O jornal Folha de S. Paulo vem editando livros sobre o pensamento dos mais extraordinários pensadores da humanidade. Os livros são vendidos nas bancas de jornal por pouco mais vinte reais cada um. É possível adquirir edições passadas pelo mesmo preço.
Uma das mais notáveis obras assim editada é o livro do suíço Jean Jaques Rousseau (1712-1778). Nela o autor deslocou a competência jurídica do Estado, até então depositada nas mãos dos reis, para a mão do povo de cada país. Antes dele o rei é a lei (“Rex est lex”). Após suas lições a lei foi convertida no rei (“Lex est rex”).
Suas lições serviram para alicerçar os Estados surgidos durante os séculos XVIII e XIX. O pensamento do suíço foi a base para a eclosão da Revolução Francesa (1789) como também para impulsionar a luta pela independência norte-americana.
Na época a França e os Estados Unidos estavam unidos, como bem demonstra até hoje o museu parisiense do Quai d’Orsay. Ainda na França, Napoleão Bonaparte colocou em vigor as leis que se converteram no espelho dos direitos da cidadania. O povo é o titular da lei pois esta somente tem valor se foi por ele instituída.
Até mesmo a Constituição brasileira ordena que ninguém poderá ser obrigado a fazer alguma coisa senão em virtude de lei. Muito embora o texto esteja consagrado em norma constitucional, forçoso considerar que é ordinariamente descumprido no Brasil.
Hoje afirmamos que nos países democráticos o cidadão pode fazer o que quiser, menos violar a lei. Ao contrário, o Estado e todos os seus servidores nada podem fazer, salvo quando já estão autorizados pela lei, ou seja, pelo povo. Nem o Presidente da República, nem os ministros do Supremo Tribunal e nem mesmo o guarda da esquina estão autorizados a atacar a liberdade individual sem autorização do povo, ou seja, sem autorização da lei.
Rousseau advertiu que numa democracia só e somente só o povo e seus representantes podem criar a lei que venha limitar o exercício da liberdade do cidadão. Ou em outras palavras, se somente o povo está munido de poderes para contrair a liberdade dele mesmo, daí se extrai que qualquer outra origem da constrição merece ser reconhecida como inconstitucional. Será mesmo?
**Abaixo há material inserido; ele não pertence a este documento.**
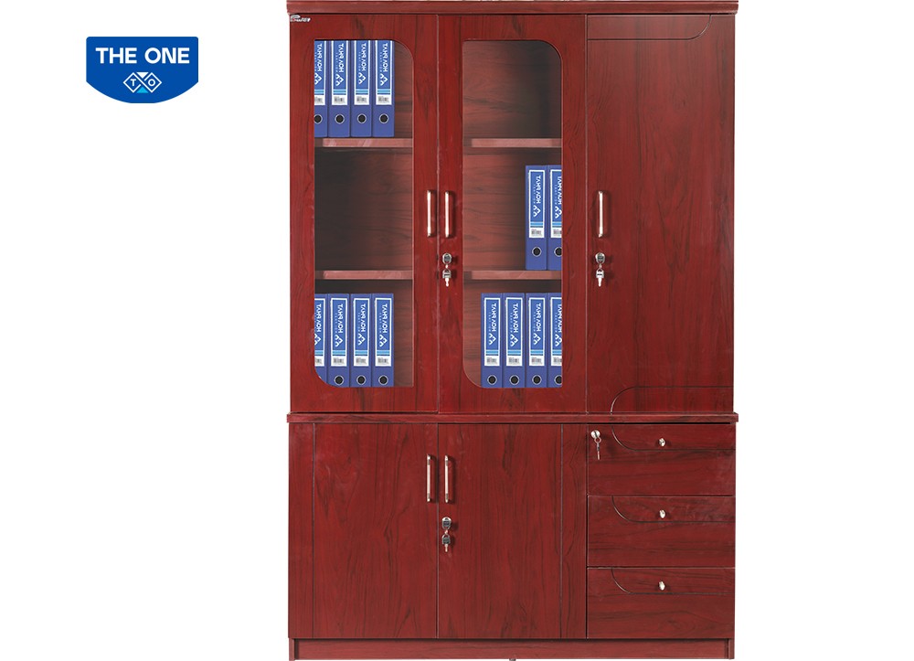 PU Office Cabinet includes 2 compartments with glass doors and 1 compartment for hanging clothes above. There are 3 drawers and 2 compartments with wooden hinged doors below.
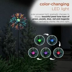 - Color-changing LED light: solar-powered light gradually changes to display beautiful jewel tone hues of green, purple, blue, red and magenta for a captivating display day and night
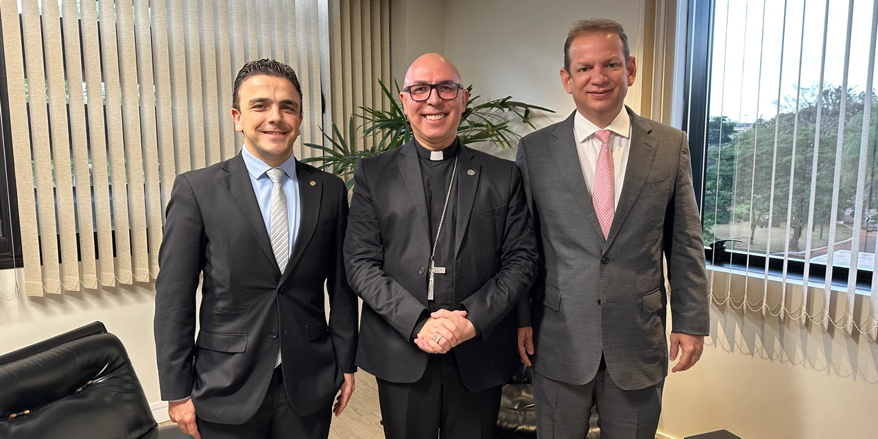 COM ASSESSORIAS - O deputado federal Aliel Machado (PV-PR), presidente da Comissão de Defesa dos Direitos da Pessoa Idosa (Cidoso), da Câmara dos Deputados, e o vice-presidente, Castro Neto (PV-PI), se reuniram nesta quarta-feira, 31, com o secretário geral da Confederação Nacional dos Bispos do Brasil (CNBB), Dom Ricardo Hoepers. O objetivo da visita foi alinhar possíveis ações conjuntas da Cidoso e da Pastoral do Idoso.
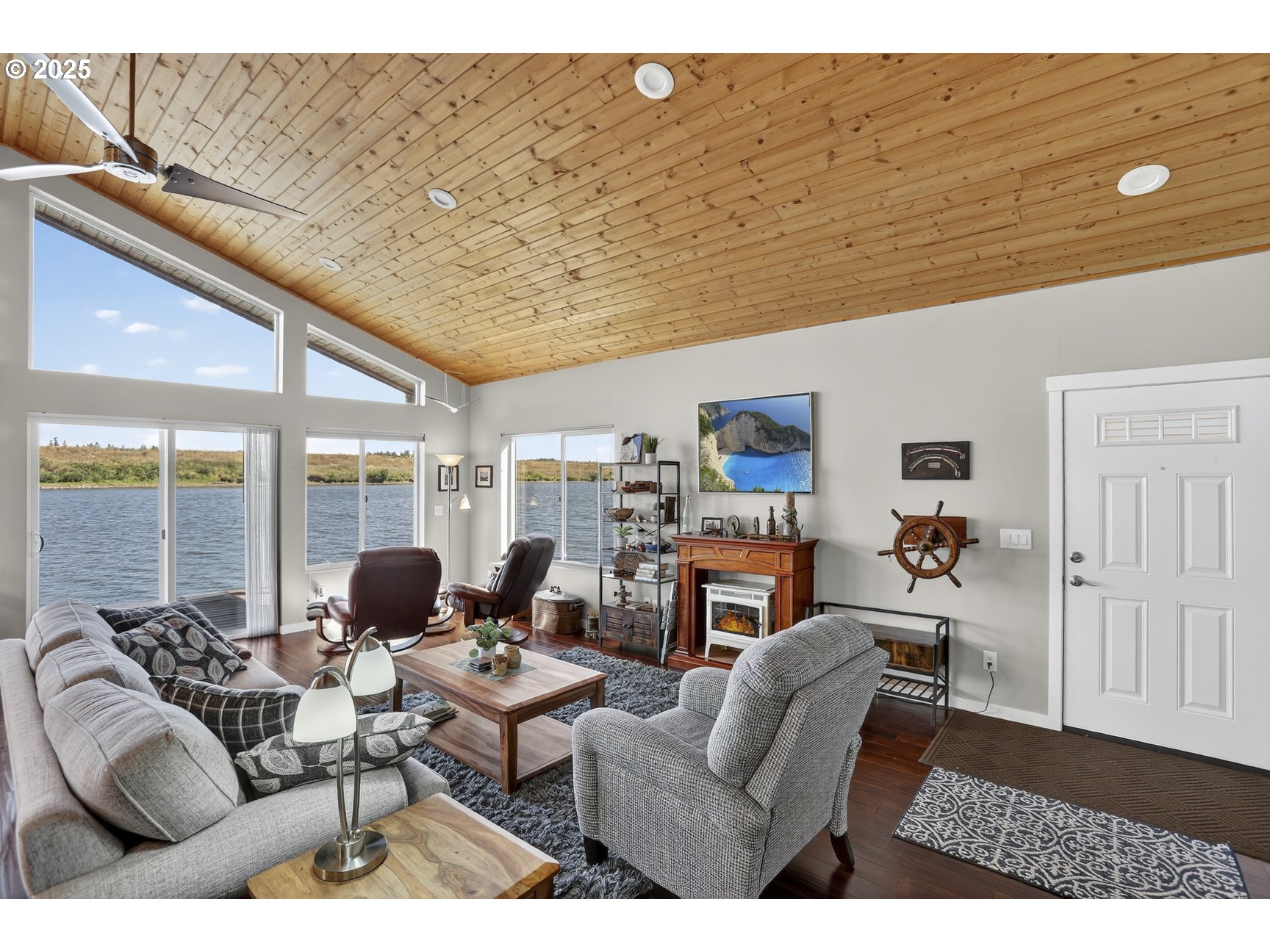 (503) 893-8874Perfectly positioned, properly sized, panoramic river & island views can be found with this 2015 Derrick Morrell built home located at upper section of Rocky Point Marina with amenities included! Join your neighbors for happy hour on the community float, gatherings in the community room, or grab a quick workout in the rec room! Storage building for your paddle craft with rivers edge launch or take off from the front deck! Security with the 15 years remaining on a 3% per annum rent rate increase. A short walk from the base of the ramp brings you to this perfectly sized & appointed home, built in 2015 by renown builder Derrick Morrell. 930sf of outdoor deck space for entertaining & taking in the 180 degree island & river views. A well placed storage shed for the seasonal and maintenance items, built to match the home. A cut out in the swim float provides space for paddle or smaller craft or utilize the community storage building! A low maintenance exterior will keep the maintenance to-do's at a minimum & a newer turnkey home with no immediate needs! 1344sf of well laid out living space includes 2 bedrooms, 2 bathrooms, & great room concept. Upgraded finishes abound with engineered hardwood flooring, granite slab counters & island, and walk in primary bath shower. Both bedrooms have cozy carpeting & a mini split keeps temps moderated in all seasons! The original owner added a pocket door from the secondary bedroom to the bathroom for flow & function, and the great room is open and spacious with vaulted tongue & groove wood clad ceilings. Views abound from the great room & exterior spaces, relish in the tranquility of your water centric island view location! Explore the lakes & canals on Sauvies Island, stop in for fresh produce at the seasonal farmer's markets, or find all services & daily needs a short distance to NW / N Portland & Scappoose town central! Laid back river living awaits! Furnishings negotiable.
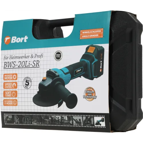 Углошлифовальная машина Bort BWS-20Li-SR 7000об/мин рез.шпин.:M14 d=125мм жестк.кейс (93412215)
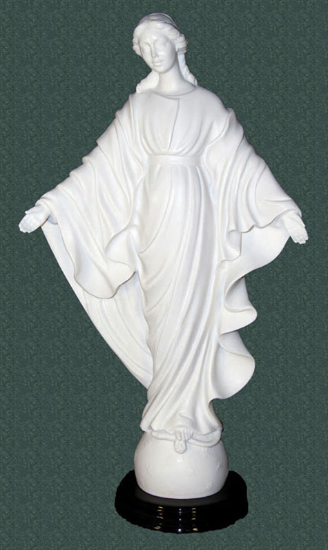 Our Lady of the Smiles by Ennio Furiesi in White Alabaster on a Quality Wood Base, 16"H. Made in Italy. Free shipping St. Therese of Lisieux believed that she was miraculously cured by Our Lady of the Smile. At the age of ten she became very ill and close to death.She saw the Blessed Mother smile and reach out to her. This began her miraculous healing.This statue is created in the likeness of the original statue in Therese's childhood bedroom.

Lecionou Rousseau, na sua obra “Contrato Social” que “cada cidadão, unindo-se a todos, mais que a si mesmo, permanece tão livre como antes”. Assim, não caberia ao cidadão insurgir-se contra a aplicação da norma sobre sua pessoa porque direta ou indiretamente ele foi um dos elementos geradores da constrição.
As lições deixadas por Rousseau há mais de duzentos anos espantam o brasileiro, especialmente ao ler que, naquela época, o grande autor lecionou que “não importa a constituição de um governo, enquanto nele um único homem não está submetido à lei, quando não todos os outros estarão necessariamente a mercê dele”.
No Brasil, diz a imprensa que o presidente da Câmara engavetou cerca de cem pedidos de “impeachment”, negando-se a processá-los. Um senador engavetou a indicação de um candidato para compor o Supremo Tribunal Federal. E mais ainda, o Congresso Nacional processou um “orçamento secreto”. Pode? Não pode se o país for democrático.
Segundo o padrão consagrado pelos países democráticos o presidente da Câmara dos Deputados, Artur Lira, o senador David Alcolumbre e o presidente do Supremo Tribunal Federal somente podem agir se autorizados pelo povo, ou seja, pela lei. Não são eles donos da entidade que dirigem.
“Rex est lex” deixou de ser a base até mesmo das monarquias, contudo o lema vem sendo aplicado em quase todos os países republicanos. Há ainda necessidade de lutar pela síntese democrática: “lex est rex”.